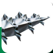
Estremità quadra autoforante
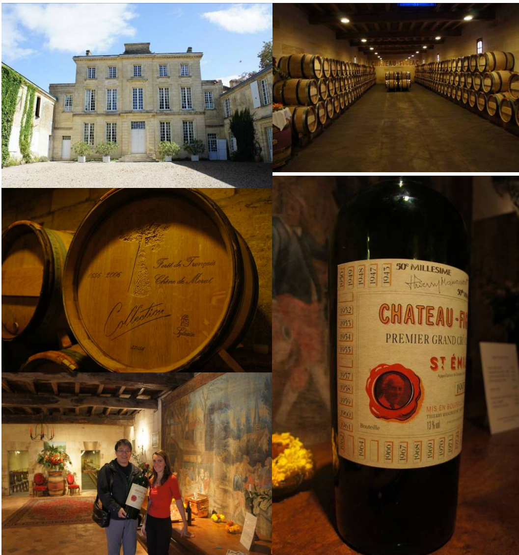
圖十、Chateau Figeac 酒莊

同樣位在波爾多的右岸，Chateau Figeac 比 Chateau Troplong Mondot 要更早就列級一等特級酒莊等級 B，在中國大陸也頗有人氣，已有「飛爵堡」的諧音名稱，並且有簡體中文的介紹簡章文宣。Chateau Figeac 對於葡萄品質的管控相當嚴格，每年都使用新的橡木桶，有的時候年份不好（氣候不佳）就不會生產該酒莊的一軍酒。釀酒的葡萄品種除了梅洛之外，還加上了卡本內-佛朗這個品種以提高香氣，並且因常更換新的橡木桶，酒喝起來的口感較為柔軟而香氣十足。Chateau Figeac 也販賣自家的葡萄酒，不過數量跟種類較少，感覺上大部分仍是批給酒商販賣。
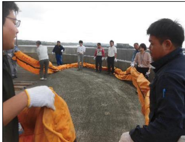
資機材取扱い訓練

令和元年11月25日～12月18日の間、奄美群島排出油等防除協議会支部総会を各島支部において実施しました。
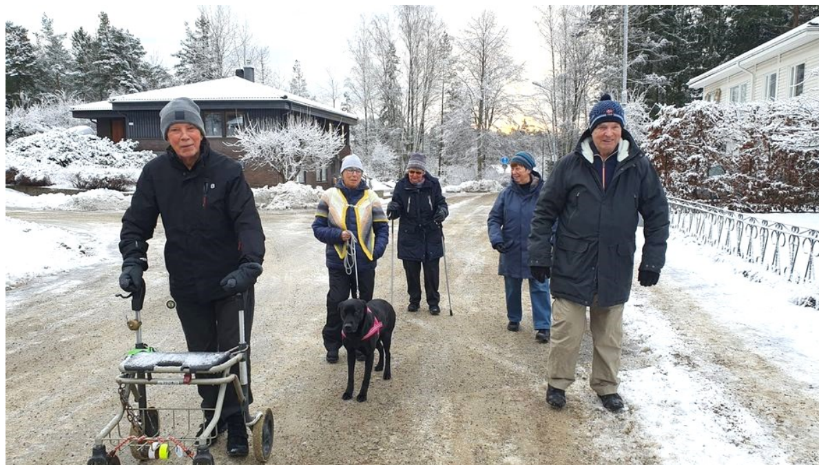
Exempel på kort promenad

Under 2021 har ca 40 sådana promenader genomförts med i medeltal 4 deltagare.
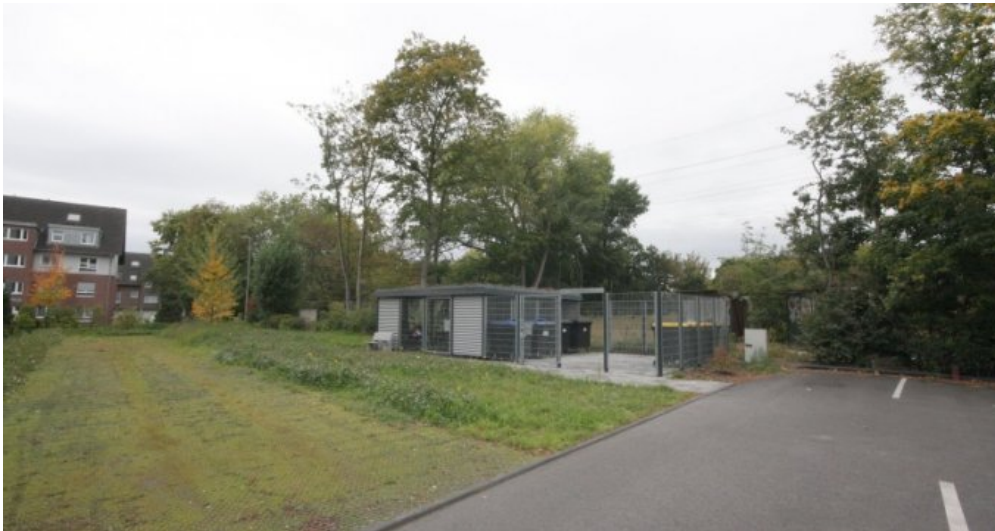
Abstellplatz für die Mülltonnen
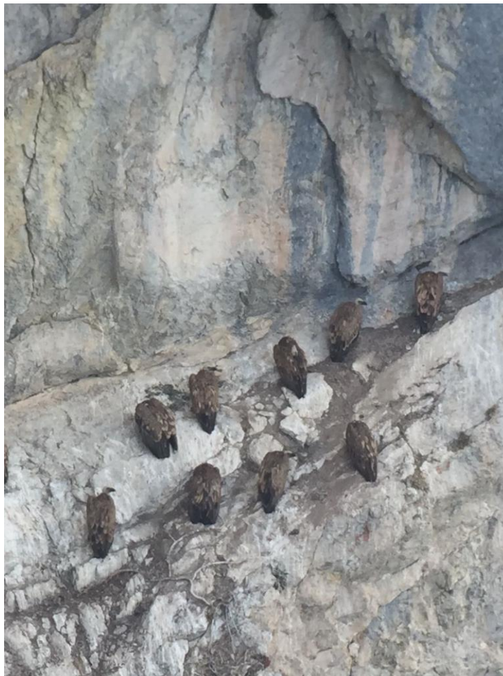
Extrait du dortoir (photo faite à travers une longue-vue)

Seule autre observation de vautours: 2 individus à 17h00 près de la croix du Schafberg où les nuages ont ensuite couvert la vue. A 17h56, il ne restait plus qu'un individu et à 18h30 il n'y avait plus de vautour visible au Schafberg. Nous pensons que ces deux oiseaux ont rejoint les autres au dortoir.

* DIRECTIONS: Pictures excluded, give again exactly and only the lines of the material above from the line with "同樣位在波爾多的右岸，Chateau Figeac 比" through the line with "Abstellplatz für die Mülltonnen".

* RESULT OF THE TASK:
同樣位在波爾多的右岸，Chateau Figeac 比 Chateau Troplong Mondot 要更早就列級一等特級酒莊等級 B，在中國大陸也頗有人氣，已有「飛爵堡」的諧音名稱，並且有簡體中文的介紹簡章文宣。Chateau Figeac 對於葡萄品質的管控相當嚴格，每年都使用新的橡木桶，有的時候年份不好（氣候不佳）就不會生產該酒莊的一軍酒。釀酒的葡萄品種除了梅洛之外，還加上了卡本內-佛朗這個品種以提高香氣，並且因常更換新的橡木桶，酒喝起來的口感較為柔軟而香氣十足。Chateau Figeac 也販賣自家的葡萄酒，不過數量跟種類較少，感覺上大部分仍是批給酒商販賣。
資機材取扱い訓練

令和元年11月25日～12月18日の間、奄美群島排出油等防除協議会支部総会を各島支部において実施しました。
Exempel på kort promenad

Under 2021 har ca 40 sådana promenader genomförts med i medeltal 4 deltagare.
Abstellplatz für die Mülltonnen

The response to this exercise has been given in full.